_Directions_: Leave out the pictures, and quote exactly the lines running from the one with "Hoy contamos con" through the last line of the entries below.

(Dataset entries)
■ ■ ■ ■
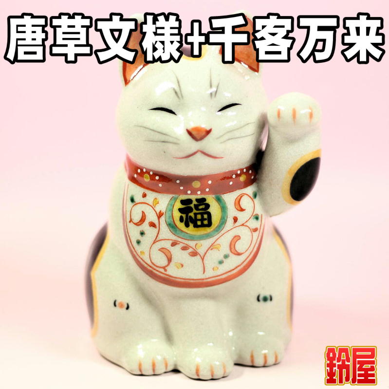 白色の唐草文様招き猫|千客万来の招き猫の置物を販売
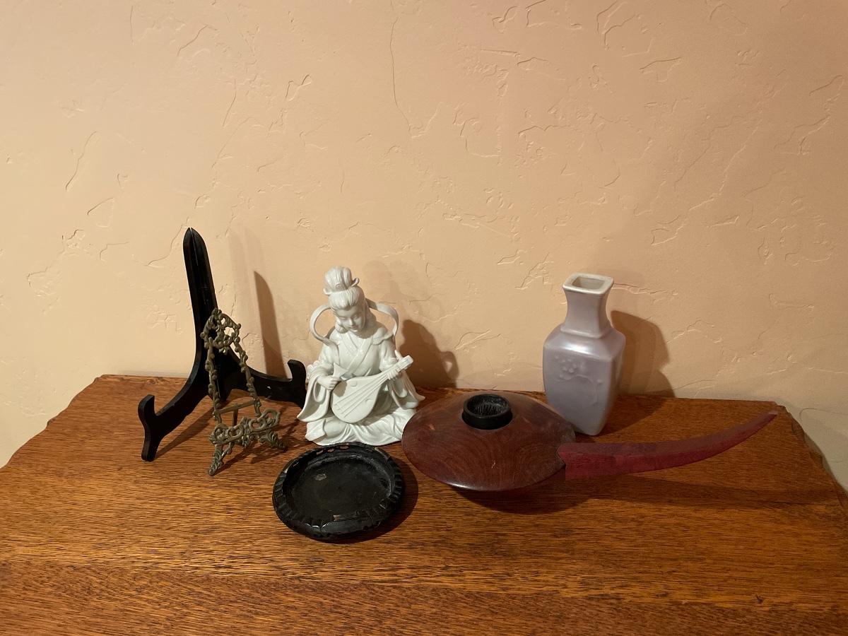 #280 Collection of Asian Smalls Vase Ikebana Wood Frog, Etc Lot of 6
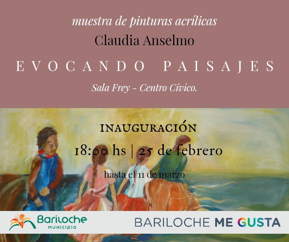 "Evocando paisajes", muestra de Claudia Anselmo que en esta oportunidad se exhibirá en la Sala Frey, en el Centro Cívico. La inauguración será el lunes 25 de febrero a las 18 hs. La muestra podrá visitarse hasta el 11 de marzo.
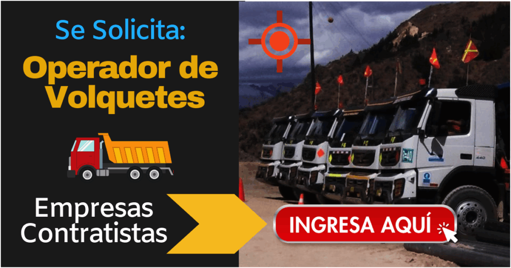 Hoy contamos con diferentes compañías y contratistas que andan en la búsqueda de operadores de volquete, ya sea con experiencia amplia o mínima experiencia en empresas de construcción civil y minera. Las vacantes son para diferentes ciudades del Peru, cada postulante decide a que lugar postular.
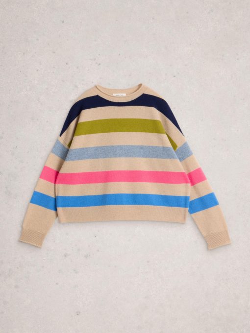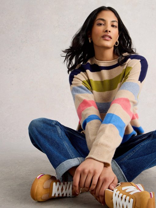 Your classic striped jumper (but made a little different). This one’s made with soft cashmere and has a rolled edge on the neck. (We like to add some edge.)
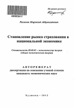 Становление рынка страхования в национальной экономике тема диссертации по экономике, полный текст автореферата
■ ■ ■ ■
_Output of the exercise_:
 Hoy contamos con diferentes compañías y contratistas que andan en la búsqueda de operadores de volquete, ya sea con experiencia amplia o mínima experiencia en empresas de construcción civil y minera. Las vacantes son para diferentes ciudades del Peru, cada postulante decide a que lugar postular.
 Your classic striped jumper (but made a little different). This one’s made with soft cashmere and has a rolled edge on the neck. (We like to add some edge.)
 Становление рынка страхования в национальной экономике тема диссертации по экономике, полный текст автореферата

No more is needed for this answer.